◆ **EXERCISE BRIEF**: Make an exact copy of the entries, taking out every picture.

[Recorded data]
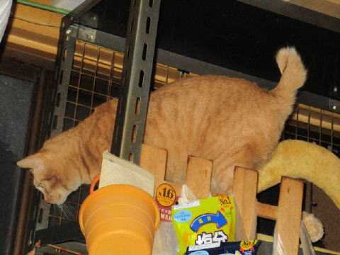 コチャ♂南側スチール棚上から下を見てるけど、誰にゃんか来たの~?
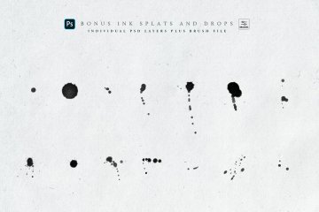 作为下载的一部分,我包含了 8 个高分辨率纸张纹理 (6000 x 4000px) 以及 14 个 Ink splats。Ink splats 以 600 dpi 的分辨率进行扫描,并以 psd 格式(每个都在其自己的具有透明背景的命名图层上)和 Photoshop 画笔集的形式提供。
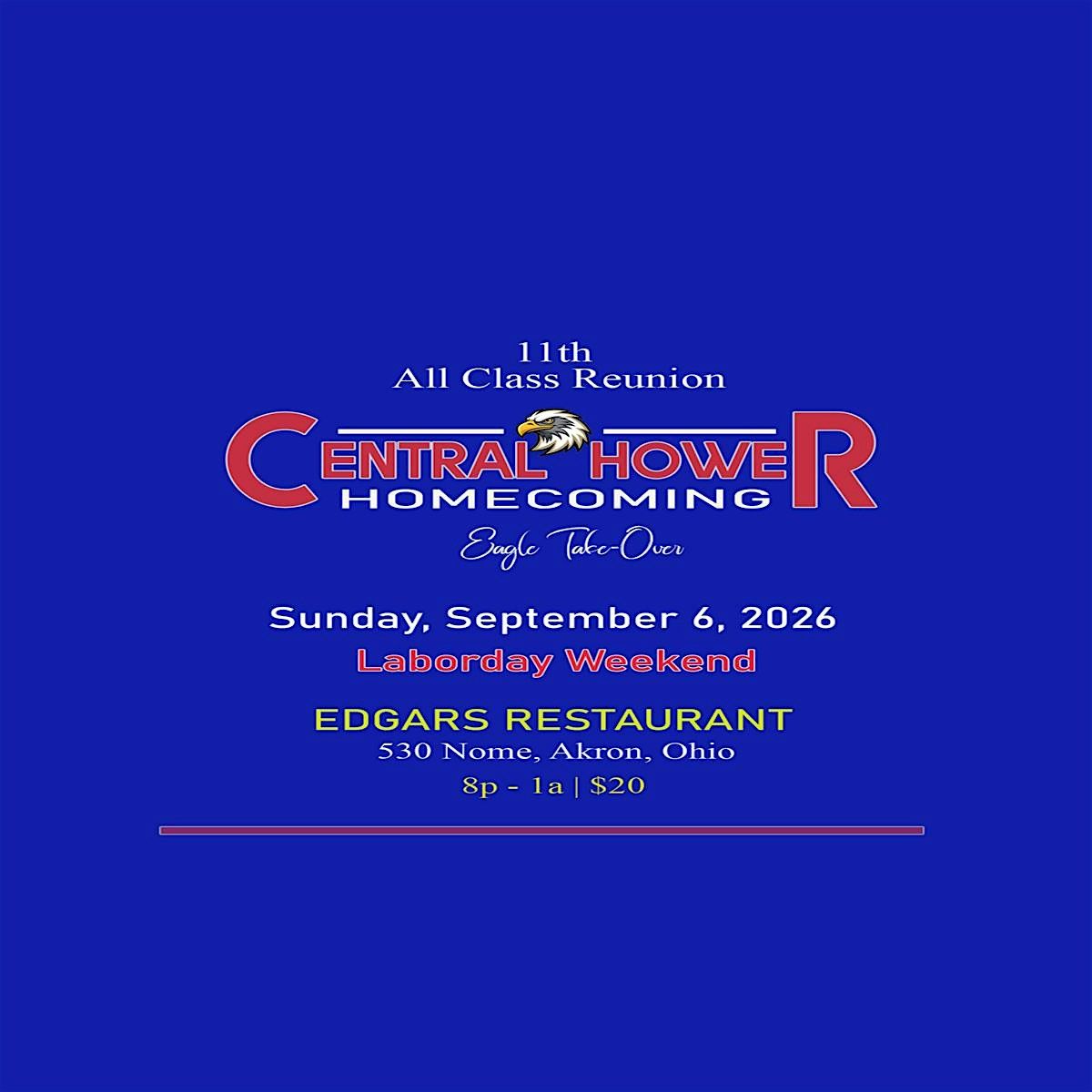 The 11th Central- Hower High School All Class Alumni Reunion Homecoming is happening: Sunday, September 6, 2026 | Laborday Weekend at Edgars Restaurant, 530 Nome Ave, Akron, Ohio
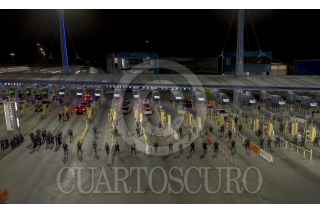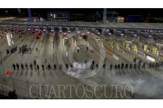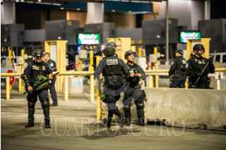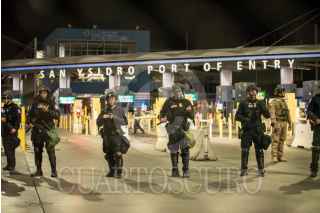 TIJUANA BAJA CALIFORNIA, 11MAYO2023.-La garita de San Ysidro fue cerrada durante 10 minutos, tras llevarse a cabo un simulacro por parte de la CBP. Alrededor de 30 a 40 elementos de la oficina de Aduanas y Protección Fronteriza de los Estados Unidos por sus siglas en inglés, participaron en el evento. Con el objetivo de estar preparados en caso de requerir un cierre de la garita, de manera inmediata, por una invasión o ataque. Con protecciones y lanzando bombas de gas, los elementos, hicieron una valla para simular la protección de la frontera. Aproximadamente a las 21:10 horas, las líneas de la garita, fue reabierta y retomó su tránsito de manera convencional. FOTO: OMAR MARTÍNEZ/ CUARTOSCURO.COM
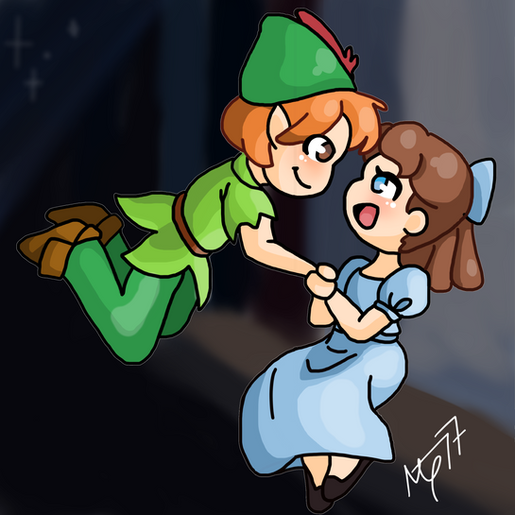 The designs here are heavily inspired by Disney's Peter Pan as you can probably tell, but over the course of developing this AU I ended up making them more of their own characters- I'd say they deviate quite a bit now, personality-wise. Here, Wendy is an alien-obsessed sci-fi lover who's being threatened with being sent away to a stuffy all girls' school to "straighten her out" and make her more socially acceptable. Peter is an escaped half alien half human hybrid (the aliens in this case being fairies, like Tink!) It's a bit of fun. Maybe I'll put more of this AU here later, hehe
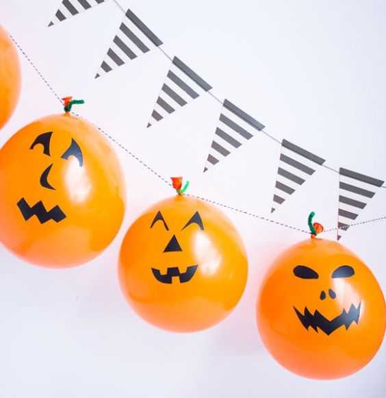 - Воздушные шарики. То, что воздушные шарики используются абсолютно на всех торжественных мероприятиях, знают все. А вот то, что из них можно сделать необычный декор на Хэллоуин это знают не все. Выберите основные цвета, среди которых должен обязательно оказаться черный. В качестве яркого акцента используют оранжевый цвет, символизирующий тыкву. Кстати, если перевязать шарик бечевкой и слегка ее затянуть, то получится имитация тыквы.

◆ **SOLVED EXERCISE**:
 コチャ♂南側スチール棚上から下を見てるけど、誰にゃんか来たの~?
 作为下载的一部分,我包含了 8 个高分辨率纸张纹理 (6000 x 4000px) 以及 14 个 Ink splats。Ink splats 以 600 dpi 的分辨率进行扫描,并以 psd 格式(每个都在其自己的具有透明背景的命名图层上)和 Photoshop 画笔集的形式提供。
 The 11th Central- Hower High School All Class Alumni Reunion Homecoming is happening: Sunday, September 6, 2026 | Laborday Weekend at Edgars Restaurant, 530 Nome Ave, Akron, Ohio
 TIJUANA BAJA CALIFORNIA, 11MAYO2023.-La garita de San Ysidro fue cerrada durante 10 minutos, tras llevarse a cabo un simulacro por parte de la CBP. Alrededor de 30 a 40 elementos de la oficina de Aduanas y Protección Fronteriza de los Estados Unidos por sus siglas en inglés, participaron en el evento. Con el objetivo de estar preparados en caso de requerir un cierre de la garita, de manera inmediata, por una invasión o ataque. Con protecciones y lanzando bombas de gas, los elementos, hicieron una valla para simular la protección de la frontera. Aproximadamente a las 21:10 horas, las líneas de la garita, fue reabierta y retomó su tránsito de manera convencional. FOTO: OMAR MARTÍNEZ/ CUARTOSCURO.COM
 The designs here are heavily inspired by Disney's Peter Pan as you can probably tell, but over the course of developing this AU I ended up making them more of their own characters- I'd say they deviate quite a bit now, personality-wise. Here, Wendy is an alien-obsessed sci-fi lover who's being threatened with being sent away to a stuffy all girls' school to "straighten her out" and make her more socially acceptable. Peter is an escaped half alien half human hybrid (the aliens in this case being fairies, like Tink!) It's a bit of fun. Maybe I'll put more of this AU here later, hehe
 - Воздушные шарики. То, что воздушные шарики используются абсолютно на всех торжественных мероприятиях, знают все. А вот то, что из них можно сделать необычный декор на Хэллоуин это знают не все. Выберите основные цвета, среди которых должен обязательно оказаться черный. В качестве яркого акцента используют оранжевый цвет, символизирующий тыкву. Кстати, если перевязать шарик бечевкой и слегка ее затянуть, то получится имитация тыквы.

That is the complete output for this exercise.